I do look forward to seeing what George does with the big guy, though, and the terrible aura that was always his legacy.
 
 
LDones
02:32 / 04.11.04
I loved the Ultramarines, and I still do - this issue was a shitload of fun for me - Jack O'Lantern and Knight were fun. McGuiness + Morrison is a match made in heaven as far as I'm concerned. I've been waiting for this since he drew The Parasite confessing that he impersonated Lois Lane because he wanted Superman to love him those years back.

I could care less that it's insane that Batman keeps a secret lab on Pluto stocked with cryogenically frozen alien corpses and a robotic army of JLAndroids. Insane Is Gud. It's a hell of a lot more interesting than him acting like a repressed twenty-something mama's boy.

Batman is the ultimate Dom, what with his fancy outfits, his cadre of attractive subs and his closet of forbidden toys. George knows this. Like Neil Gaiman, he excels in writing yarns about the men he would most love to submit to.

Quick Breakdown of the Ultramarines! (partially from DK Books' glorious DC Universe Encyclopedia)

The Ultramarines were experimental soldiers who originally fought the JLA on behalf of the US government and the crazed General Wade Eiling. After discovering that they were dying as a result of their dedicated-marine to government-superhero transformations, they teamed up with the JLA to stop the General, who had transferred his consciousness into the body of the Shaggy Man. After their first adventure they retired to a floating nation called Superbia that flew above the ruins of Montevideo (the city destroyed by Tempest's rogue Rocket Red warsuit, deployed by Vandal Savage in DC One-Million). They became the International Ultramarine Corps and joined up with some other old-school or obscure superheroes.
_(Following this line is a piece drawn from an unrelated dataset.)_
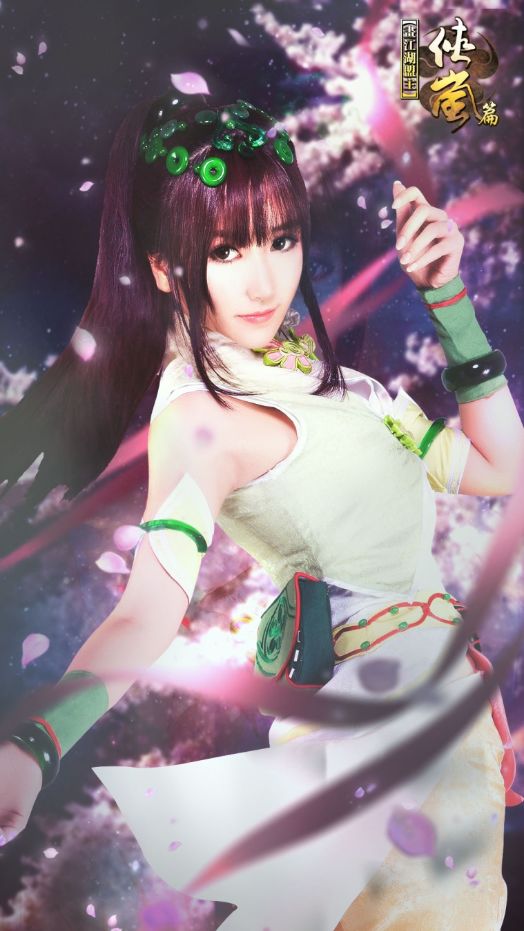 由知名COSer“罐儿”(曾受邀前往圣地亚哥漫展的艺术家展区,平面作品也曾入选盖蒂图片社和国内多家知名媒体的游戏区首页),携手必果互娱拍摄的官方“辰月COSplay”中,一身荷花样式的浅绿色装扮,黑色齐刘海,绑着马尾,清秀的面庞,佩戴碧玉手镯和头饰,将辰月形象完美还原。灵动、出尘,宛如玉蝴蝶一般的碧玉少女,给玩家展现一个别样的侠岚。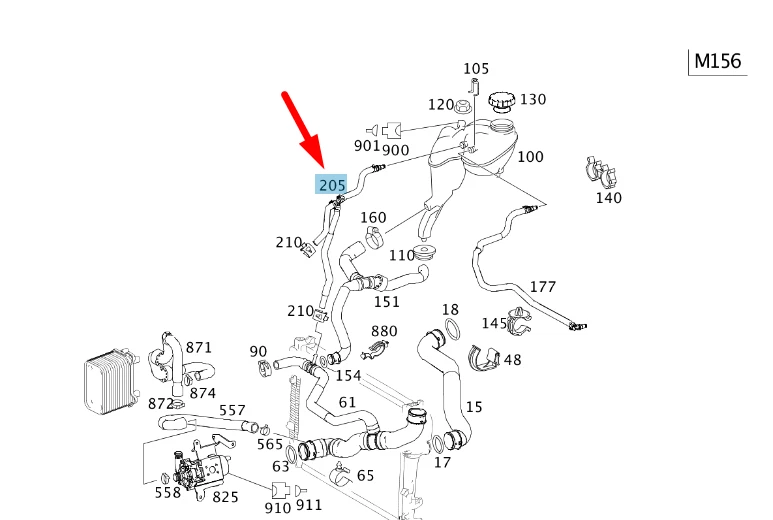NEW MB S W221 EXPANSION TANK AND RADIATOR VENT TUBE A2215011525 ORIGINAL

Counter-clockwise from the flaming-headed Irishman:



1) Jack O'Lantern III - Factory worker Liam McHugh inherited the 'pumpkin of power' from Jack O'Lantern I (Daniel Cormac). Basically has powers like the Green Goblin.

2) Goraiko - Japanese sumo super-creature! Has actually never been in anything outside of that splash page in JLA #26). Crushes and burns things, apparently.

3) Flow (Dan Stone)(Original Ultramarine) - Living liquid, and they apparently now call him Glob, for some reason.

4) Pulse-8 (John Wether) - Utilizes the "unified field harmonic" to wield atomic powers. Now has a Cosmic Keyboard that makes me smile like a schoolgirl.

5) Warmaker-One (Scott Sawyer) - Robbed of his physical body, Sawyer is now only the stealth weapon-suit Warmaker One. Leader of the Ultramarines.

6) Knight (II) - Son of the Earl of Wodenshire (Knight I) and the former Squire. He's the English Batman. 'Nuff said.

7) Squire (III) - English Robin. 'Nuff said.

8) 4-D (Lea Corbin) - has powers of ther full spectrum of the 4 dimensions - can go 2-dimensional to fuck with people. Recently helped out Wonder Woman.

(Not pictured and not in JLA: Classified #1, but still in the Ultramarines)

9) Vixen - Feline animal superheroine. In touch with the same morphic field that Animal Man taps into.

10) Olympian - bizarre Greek hero with the spirits of the Argonauts in his head - seriously.